Release DetailsLABEL Level Plane
RELEASED ON 9/14/2004
posted on 9/2004 By:
A lot of people have been anticipating this album. Not me. I didn't have a damned clue what it was when I signed up to review it initially. After investigating a little, I got angry. I never cared much for the deceased bands, City of Caterpillar or Pg. 99. So I was fully prepared to give Malady, who features members of the aforementioned bands, a pretty bad review. Nothing's better than dreading doing a review and finding out the album you've been afraid to touch is actually quite good.
With desperately sung vocals, full dirty ringing chords, and steady rhythmic basslines, Malady's brand of screamo-esque/post-hardcore is actually a little more structured. Not exactly metal, but definitely aggressive. If you're familiar with the Level Plane roster you might have a better idea of what this is. I personally really enjoy it and find myself shamed just a slight bit over this fact. It's gritty with a nervous energy, yet retains a bit of catchiness. They are able to bring things down a bit, like in the second track, "Yeah", using sort of a mumbled soft singing before breaking back into that strained yelp. There's some outstanding distant sounding guitar melodies during "The World Is A Tomb" that might actually remind you of a bit of some of the older shoegazing bands. The omnipresent frantic guitar strumming builds up some fairly amazing passages, like on "Said Simone", one of the stronger tracks on the release. When the album ends with melancholy keyboards, it actually feels fulfilling. You're not left wanting more, but you're glad you sat through what you just sat through.

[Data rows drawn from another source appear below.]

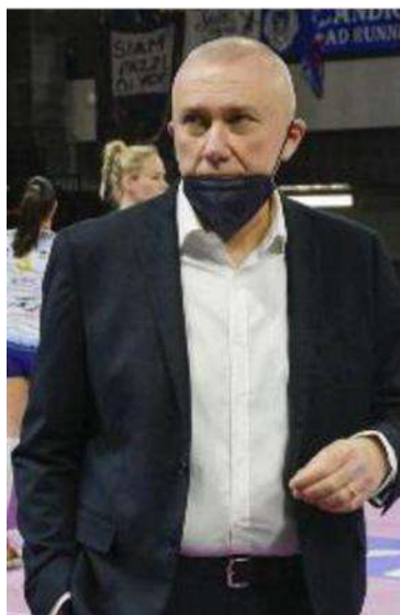
L'allenatore Massimo Barbolini

re. Proprio questo il ko contro n. cas. Roma credo che le renderà ancora più combattive. Sarà una gara veramente difficile. Sono convinto però che la Savino Del Bene sia pronta per questo impegno. Il lavoro fatto in questi giorni è stato buono e sono fiducioso sulla possibilità di raccogliere un risultato positivo».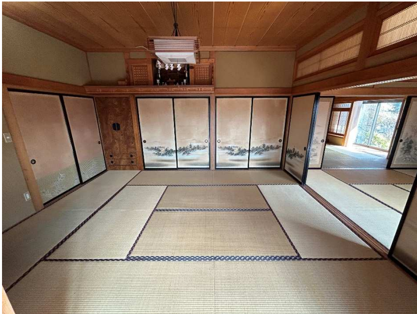
和室 10 畳 (神棚有)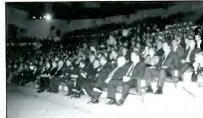
Pocos, muy pocos priístas hubo en el acto además de las autoridades, foto: Miguel Saavedra

Por lo general los panistas son personas conocidas en pequeños círculos empresariales, religiosos o de instituciones de educación privada y no en el servicio público, donde apenas se inician. ■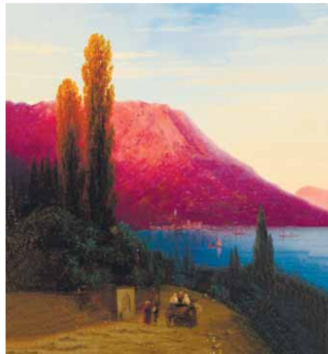
«Крымский вид». 1861 год

Огромной известностью Айвазовский пользовался не только в России, но и во всем мире. Он несколько раз совершал путешествия в Стамбул (Константинополь), где своеобразно соединились черты восточной и западной культур. Первый раз он побывал в этом городе в 1845 году – тогда художник участвовал в средиземноморской географической экспедиции к берегам Турции и Малой Азии под руководством известного русского географа и мореплавателя Федора Литке. По окончании экспедиции маэстро написал большое количество работ, в том числе и «Константинополь при луне» – это полотно хранится в Севастополе.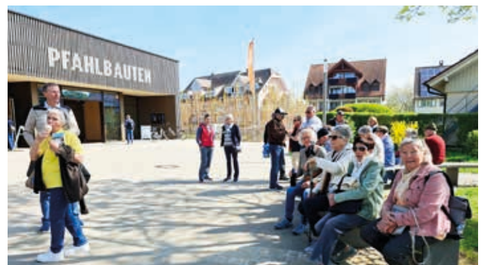
Pause bei den Pfahlbauten in Unteruhldingen.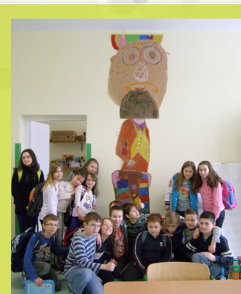
SP 12 w Białymstoku – lekcja jęz. polskiego w kl. IV – zbiorowy efekt naszej pracy

Istota tego wymagania to występowanie wzajemnego rozwoju, odniesienie korzyści wzajemnych, czyli zarówno dla szkoły, jak i współpracujących podmiotów. W wymaganiu ważne jest przede wszystkim rozpoznanie potrzeb i zasobów szkoły lub placówki oraz środowiska lokalnego i dopiero na tej podstawie podejmowanie inicjatyw na rzecz wzajemnego rozwoju. Działania muszą bowiem być adekwatne do zdiagnozowanych potrzeb. Wartością jest też systematyczność ►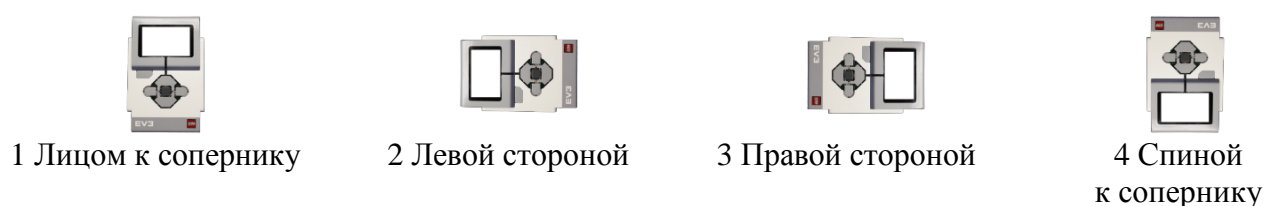
Рис. 1. Положение робота на ринге

5.1.4. По окончании расстановки оператор не имеет права более перемещать робота.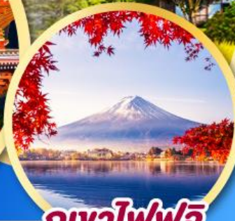
ภูเขาไฟฟูจิ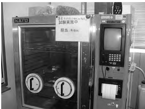
温度環境評価実験装置

また当社は、工場を所有しない、いわゆるファブレス企業ですが、製造は業務提携を結んでいるパートナー企業の工場へ委託することで、設計から製造までの一貫体制を構築しています。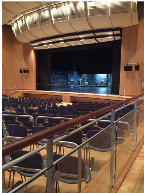
(Blick von der rechten Seite)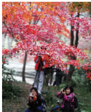
红枫引来摄影爱好者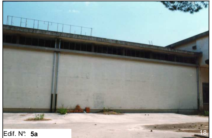
Edif. N° 5a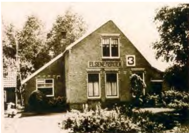
Station Elsenerbroek aan de spoorlijn Neede - Hellendoorn

Het taalgebruik van de koetsiers was meer mensen een doorn in het oog. Een dominee uit Delden, die met de postkoets naar Lingen wilde, maakte al voor het vertrek duidelijk, dat hij verwachtte dat de koetsier onderweg zijn woorden zorgvuldig zou kiezen. De voerman ging hierover niet in discussie, maar liet de verbouwereerde predikant staan waar hij stond. En dat terwijl de bagage van de dominee al was ingeladen.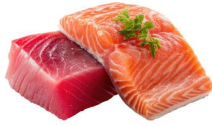
● เนื้อปลาดิบ

I think this is a great album, but I don't think many of the readers of this site will agree necessarily. It's not mindblowing or anything, but it's a solid, unique, and honest effort that I really feel outshines some of the work of their former bands. It's less meandering and more tasteful. If by any chance a fan of City of Caterpillar or Pg. 99 happens to stumble across this site, they'll probably already have this, anyway. Otherwise, if you're a metalhead that isn't a narrow-minded idiot with a penchant for creative, emotional, and jangly post-hardcore bands, take a chance with Malady. But if you don't like it, don't say I didn't warn you. I'm busy trying to figure out why people are still listening to bands like Opeth, yet can't admit to enjoying music like this.